▸ **Requirement**: Exact duplicates of the lines from the top of the data through the line containing "14層全白PCB,GPU核心" are needed, with every picture left out.

==== Entries provided

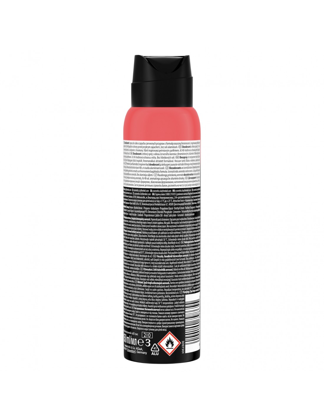 Skład: Butane*Alcohol denat.*Propane*Isobutane*Parfum (Fragrance)*Propylene Glycol*Triethyl Citrate*Phenoxyethanol*1,2-Hexanediol*Caprylyl Glycol*Limonene*Cocamidopropyl PG-Dimonium Chloride Phosphate*Linalool*Dipropylene Glycol*Alpha-Isomethyl Ionone*Coumarin*Eugenol*Benzyl Alcohol*Androstadienone
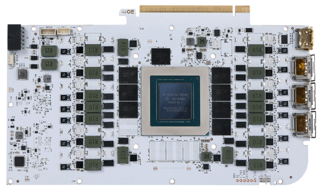 14層全白PCB,GPU核心型號AD102-175,14+3相供電,單顆2GB,共8顆GDDR6X 顯存顆粒。
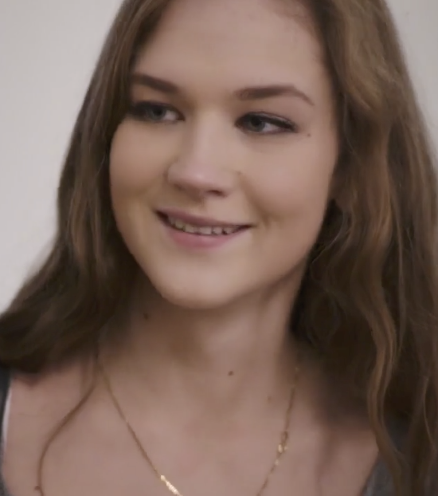 Симпатичная девушка со светло-каштановыми волосами, которые на свету становятся рыжими. У нее миловидное лицо и волнистые волосы.
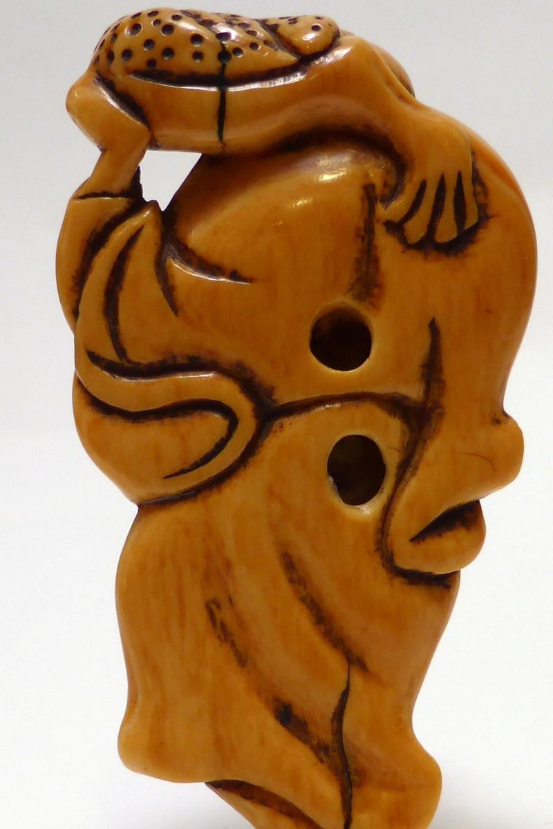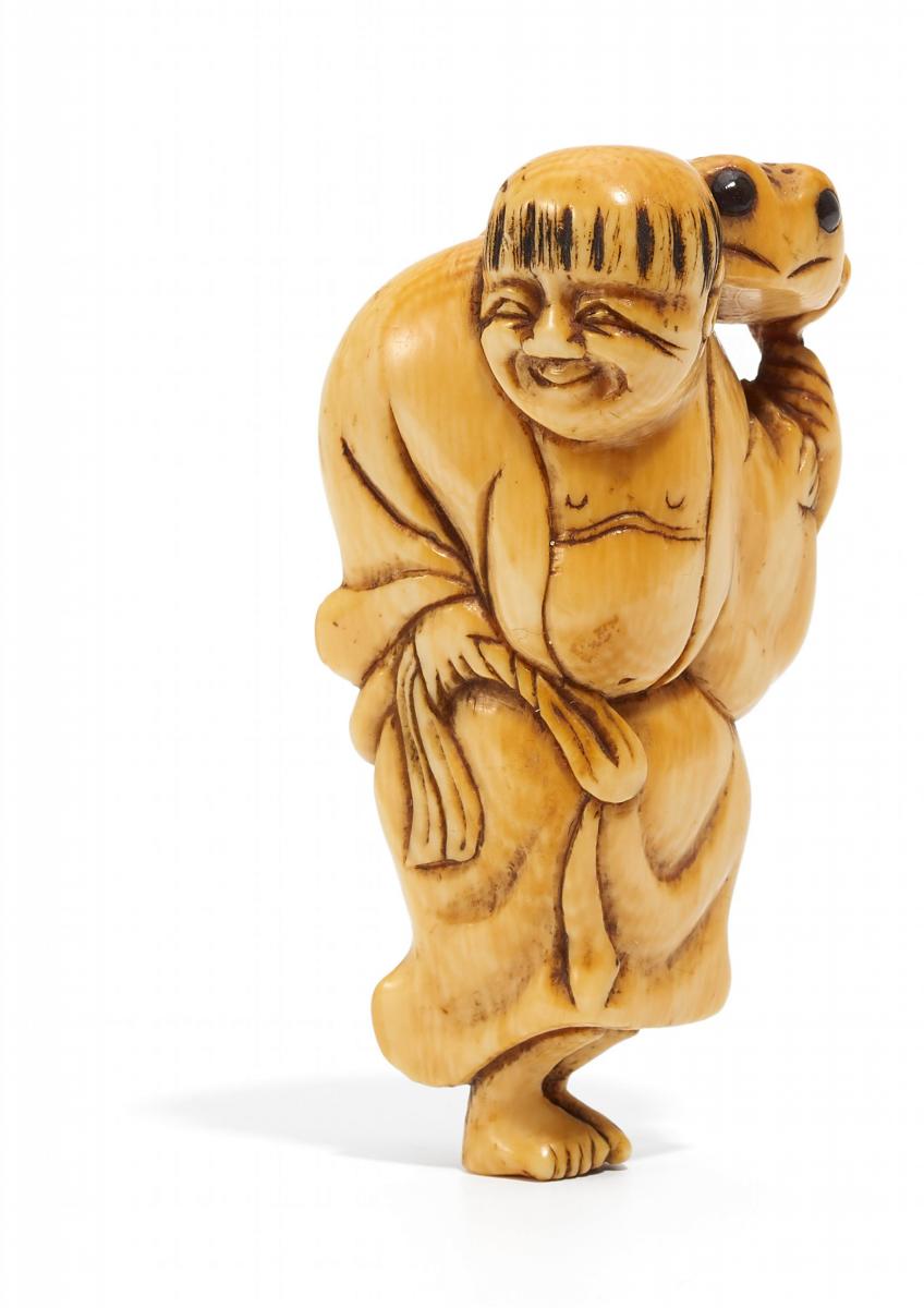 Technik: Elfenbein, fein graviert, teils eingefärbt, die großen Augen des Tieres eingesetzt aus schwarzem Horn. Wunderschöne, bernsteinfarbene Patina.
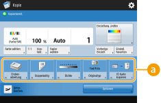 Die auf dem Grundfunktionsbildschirm (für Kopieren, Faxen und Scannen) angezeigten Einstelltasten können mit den übrigen Einstelltasten unter <Optionen> geändert werden. Durch Platzieren der häufig verwendeten Einstelltasten auf dem Grundfunktionsbildschirm können Sie die Funktionen effizienter nutzen. Zudem können Sie durch die Anmeldung mit persönlicher Authentisierungsverwaltung verschiedene, an die jeweiligen Grundfunktionsbildschirme angepasste Benutzer anzeigen.
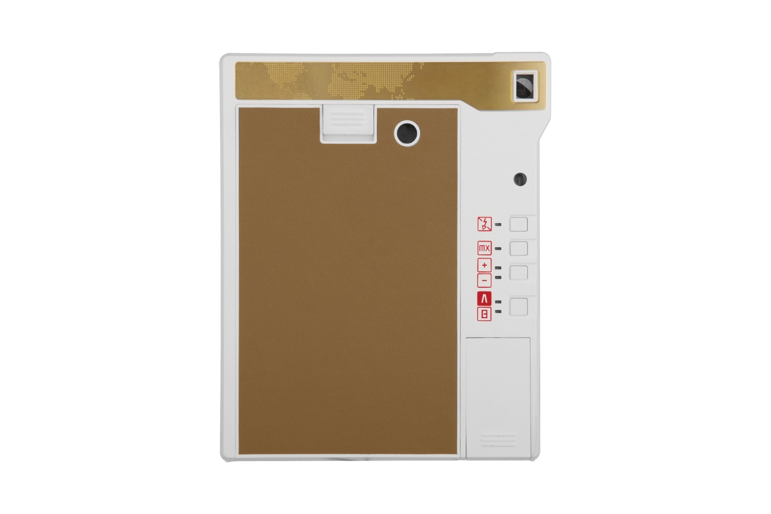Le Lomo’Instant Automat Glass Elbrus se pare d’une jolie robe brun clair, surlignée par quelques touches dorées. En outre, son capuchon d’objectif sert aussi de télécommande pour réaliser des selfies ou des photos de groupe jusqu’à une distance de 5 mètres du boîtier.
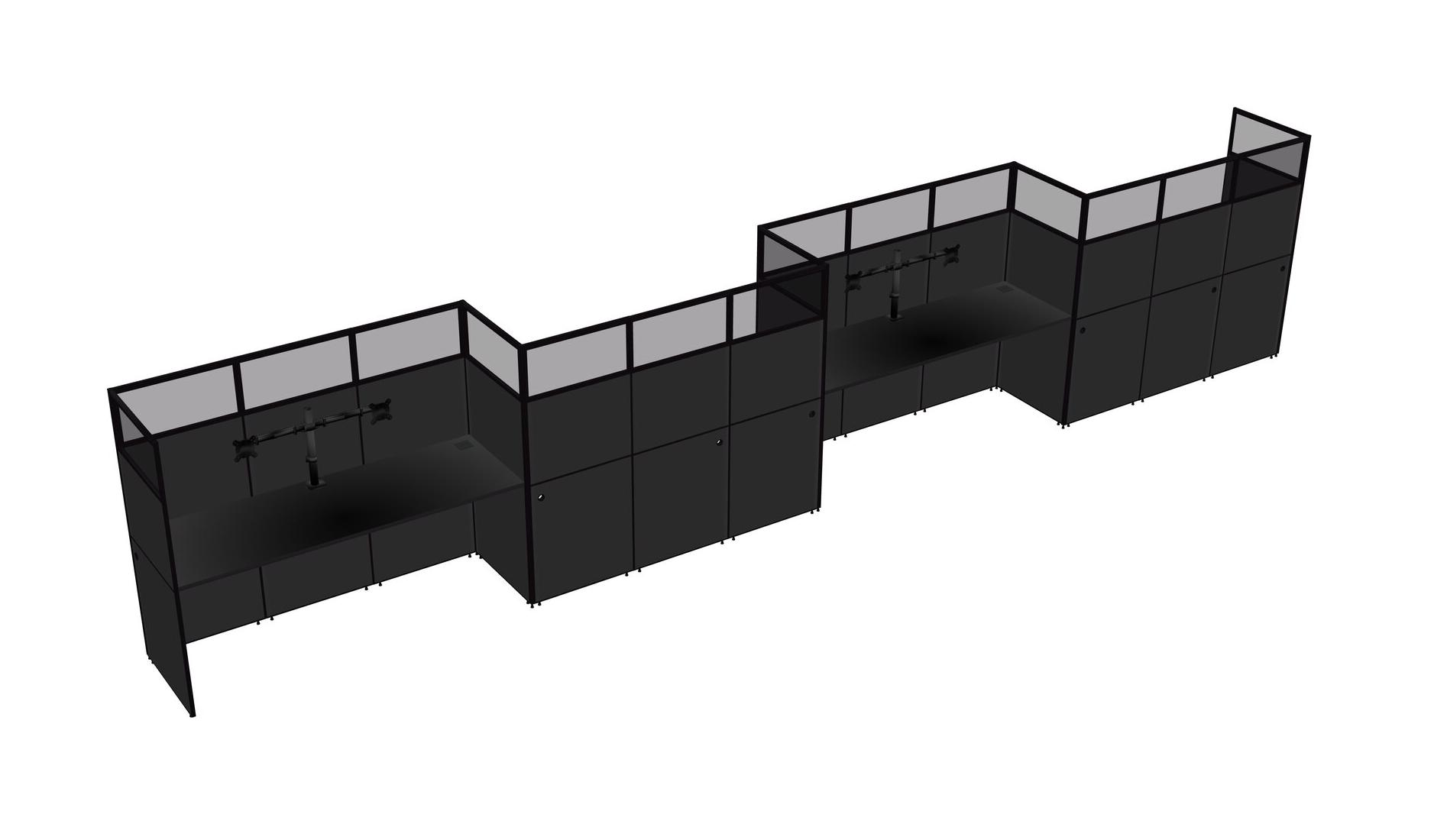 Black Rectangular Cubicle Workstations For 4 - Zigzag Formation
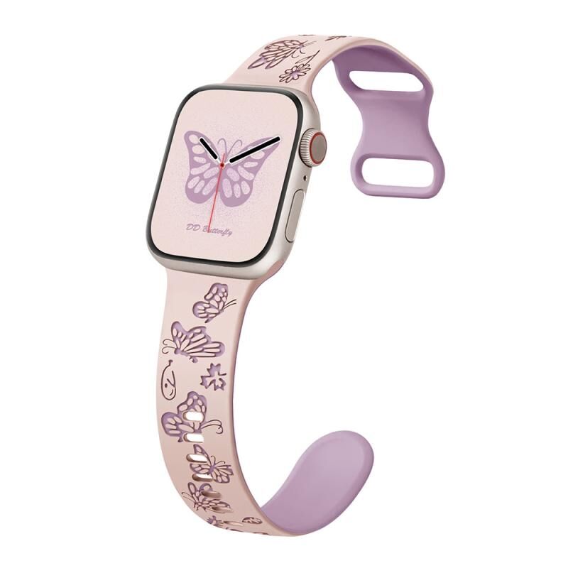 Για Apple Watch SE 2023 44mm Πολύχρωμο Μοτίβο Πεταλούδας Λουράκι Σιλικόνης για Ρολόι με Αγκράφα σε Σχήμα 8 (Λευκό Μαύρο)
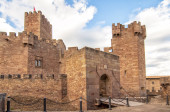 CARCASSONE, FRANCJA - GRUDZIEŃ 28, 2019: Widok na nadmorskie wejście z wieżą z zabytkowego zamku carcassone-cite de carcassone
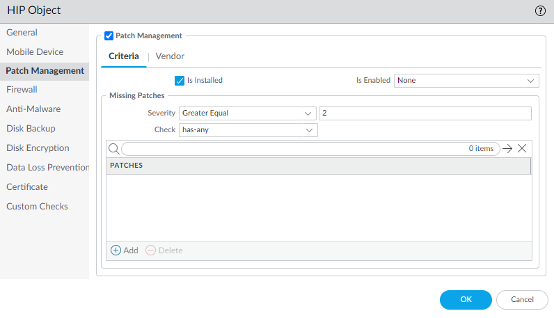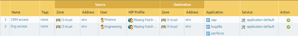 Create the HIP profiles that you plan to use in your policies.For example, if you want to ensure that only Windows users with up-to-date patches can access your internal applications, you might attach the following HIP profile that will match hosts that do NOT have a missing patch:
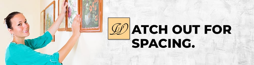For the spacing around your pieces, design experts suggest allowing 3 to 4 inches between each piece. Make sure that there's even distance between frames so that the gallery wall won’t look uneven or messy. Likewise, keep the entire collection between two-thirds to four-fifths of the size of the wall so it won’t look cramped or awkward.
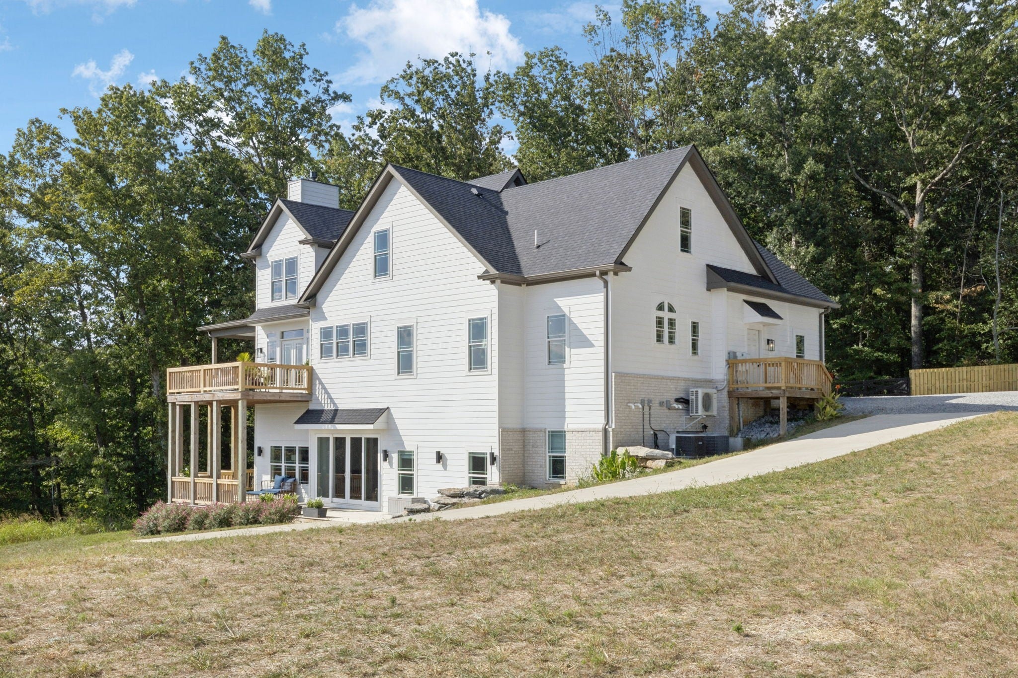 Welcome to a rare retreat where timeless design meets modern luxury. Nestled on 5.1 private acres and just 20 minutes from Nashville, this custom-built estate offers five spacious bedrooms, four and a half bathrooms, and a level of craftsmanship that sets it apart. A gated driveway opens to a home designed for both comfort and sophistication, with wraparound porches that invite you to relax and enjoy the surrounding landscape. Inside, the main-level primary suite offers a true sanctuary, boasting a lavish spa-inspired bathroom with a soaking tub, marble flooring, and elegant finishes. Throughout the home, quartz countertops, premium stainless-steel appliances, and designer touches elevate the kitchen and living spaces, while the flexible floor plan includes an in-law suite and a reinforced interior room for safety and peace of mind. An additional outbuilding provides the perfect opportunity for a private home office, art studio, or retreat, while the oversized two-car garage and abundant storage ensure practicality matches style. Whether you envision quiet mornings surrounded by nature, evenings entertaining guests, or simply a serene escape from city life, this estate offers an unparalleled lifestyle in a truly exceptional setting.
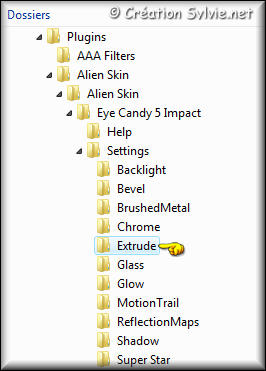 répertoire Settings du filtre Alien Skin Eye Candy 5 - Impact
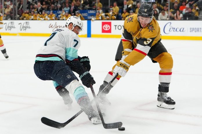 The Kraken pulled Daccord for an extra attacker with 1:57 remaining and had a chance to tie it with 19 seconds left, but Golden Knights defenseman Brayden McNabb made a diving save to turn away Brandon Montour’s jam try by the right post to seal the victory.
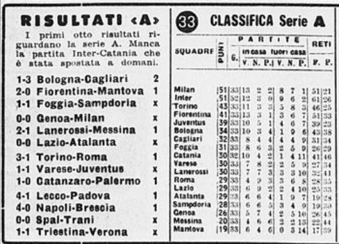 CHIUSURA IN BELLEZZA. Penultima giornata del campionato 1964-65, quello d’esordio per la compagine isolana in massima serie. I sardi fanno visita al Bologna, che indossa il tricolore sul petto. La squadra allenata da Arturo Silvestri si impone per 3-1: Nenè la sblocca a inizio ripresa, pareggia il tedesco Haller appena 3 minuti dopo. Francesco Rizzo e ancora Nenè chiudono il risultato a favore del Cagliari, che al termine della stagione avrebbe chiuso al 6° posto agganciando all’ultimo turno proprio i felsinei, dopo un girone di ritorno spettacolare.
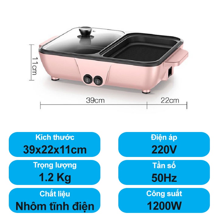 Thông số kỹ thuật sản phẩm Nồi Lẩu Nướng Đa Năng BBQ 2 In 1 Vừa Lẩu Vừa Nướng:

========

▸ **Answer**:
 Skład: Butane*Alcohol denat.*Propane*Isobutane*Parfum (Fragrance)*Propylene Glycol*Triethyl Citrate*Phenoxyethanol*1,2-Hexanediol*Caprylyl Glycol*Limonene*Cocamidopropyl PG-Dimonium Chloride Phosphate*Linalool*Dipropylene Glycol*Alpha-Isomethyl Ionone*Coumarin*Eugenol*Benzyl Alcohol*Androstadienone
 14層全白PCB,GPU核心型號AD102-175,14+3相供電,單顆2GB,共8顆GDDR6X 顯存顆粒。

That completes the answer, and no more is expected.